第2話 水面下の攻防
ライアンは円卓のスタッフに向き直り、にっこりと微笑む。榊の腰に手を回そうとして、たたき落とされても気にしない。
「彼は私のパートナー、榊英臣だよ」
ライアンは誇らしげにスタッフに榊を紹介する。
「ビジネスパートナーの榊です」
榊はあらぬ誤解を生まぬよう、すかさず被せていく。ライアンは気を悪くする様子は無く、榊とのこれまでの共同事業について説明した。続いて高谷を秘書として紹介し、席につくよう促した。
「ライアン、なんて図々しい奴」
女性秘書に扮した高谷が唇を尖らせて榊の耳元で囁く。まさかこんなに榊との仲をアピールしてくるとは。スタッフが動じないところを見ると、ライアンの嗜好は周知の事実のようだ。
「商談を早く切り上げて、とっとと引き上げるぞ」
榊は縁なし眼鏡をクイと押し上げる。高谷は頷いて、タブレットを取り出した。
「それでは早速ビジネスの話をしよう」
ライアンはノートパソコンの画面を正面のプロジェクタに投影する。それを見た榊は硬直し、高谷は大きな目をさらに見開いて前のめりになった。
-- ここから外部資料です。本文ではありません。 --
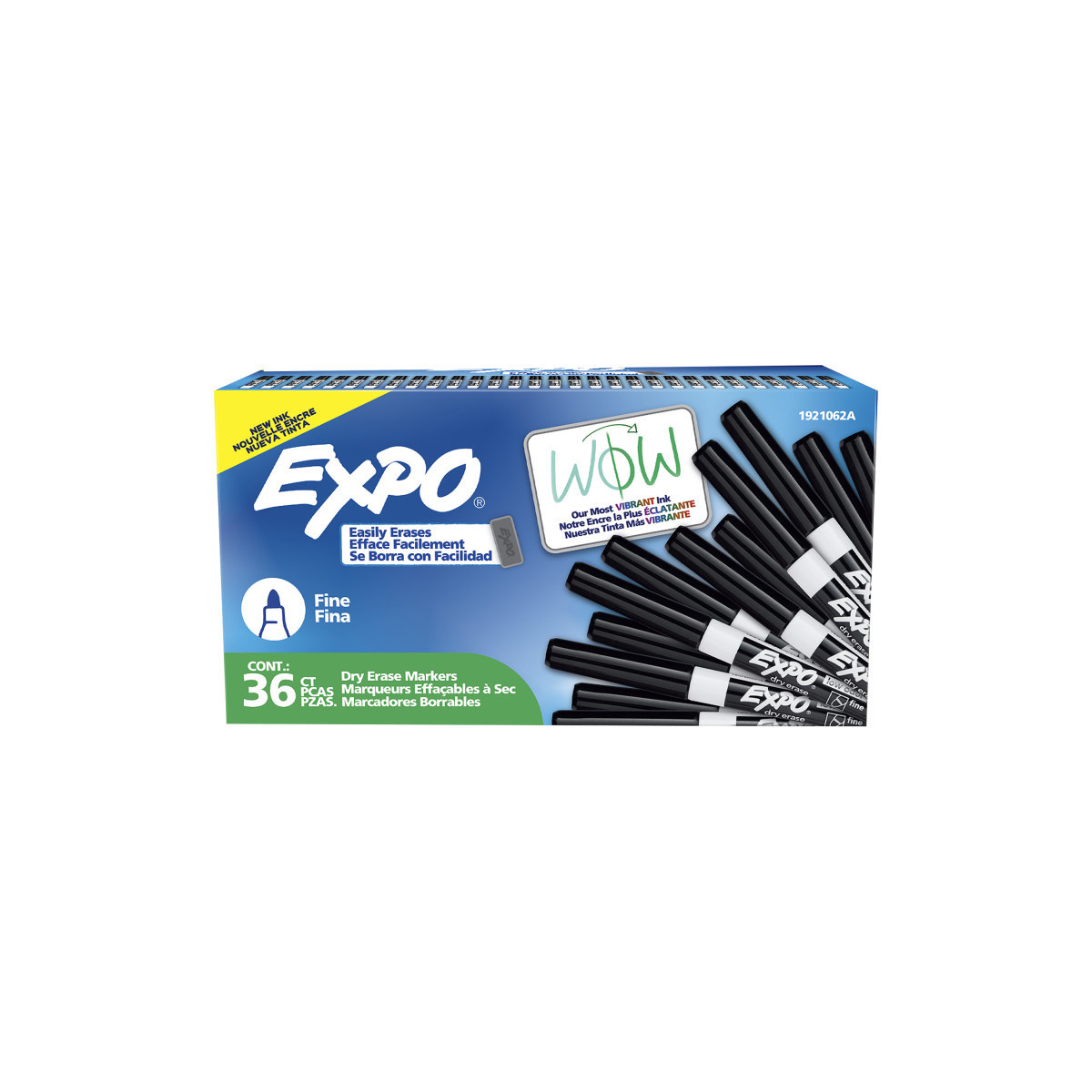 Track, schedule, collaborate, and present with vibrant Expo Fine Dry Erase Markers. They feature vivid ink and exciting colors that stand out—perfect for planning, presentations, lessons, calendar boards, and personal organization. With an EXPO eraser, these EXPO markers erase cleanly and easily from whiteboards and most nonporous surfaces. The low odor ink is perfect for classrooms, offices, and homes, while the fine tip is great for accurate, detailed lines. Pack of 36.

「横浜ベイエリアのホテルプロジェクトはどこだったかな」
ライアンは悠々と目的のフォルダを探している。プロジェクタにはライアンのデスクトップ画面に設定してある凜としたスーツ姿の榊がでかでかと映し出されている。榊は額から生ぬるい汗がタラタラと流れ落ちるのを感じた。スタッフは至って真顔だ。このデスクトップ画面で過去にも打ち合わせが行われたのだろう。
高谷も呆れて口をポカンと開けている。隣に座る榊の魂が抜けそうなのに気が付いて、慌てて腕を揺さぶる。
「榊さん、気をしっかり」
「あ、ああすまん」
榊は気力を振り絞り意識を保つ。今にも椅子を蹴って立ち上がり、「破談だ」と叫んでこの部屋を飛び出したい。
「うーん、どこだったかな」
ライアンは悠長にプロジェクトのフォルダを探している。画面に映るフォルダ構造は整然としており、分からなくなるはずなどない。わざと榊の写真をアピールしているのだ。高谷は歯噛みする。
高谷はバッグからハンカチを取り出し、榊の額に流れる汗を軽く拭き取った。
「大丈夫ですか、榊さん」
高谷はわざと親密な様子を見せつける。それを見たライアンは、口元を緩めたまま目尻をピクリと動かす。
―やるな、結紀
―お前の嫌がらせには屈しないぞ
高谷とライアンは静かな火花を散らす。
散々デスクトップ画像をアピールして、漸くフォルダが見つかった。ライアンは自らプレゼンを始める。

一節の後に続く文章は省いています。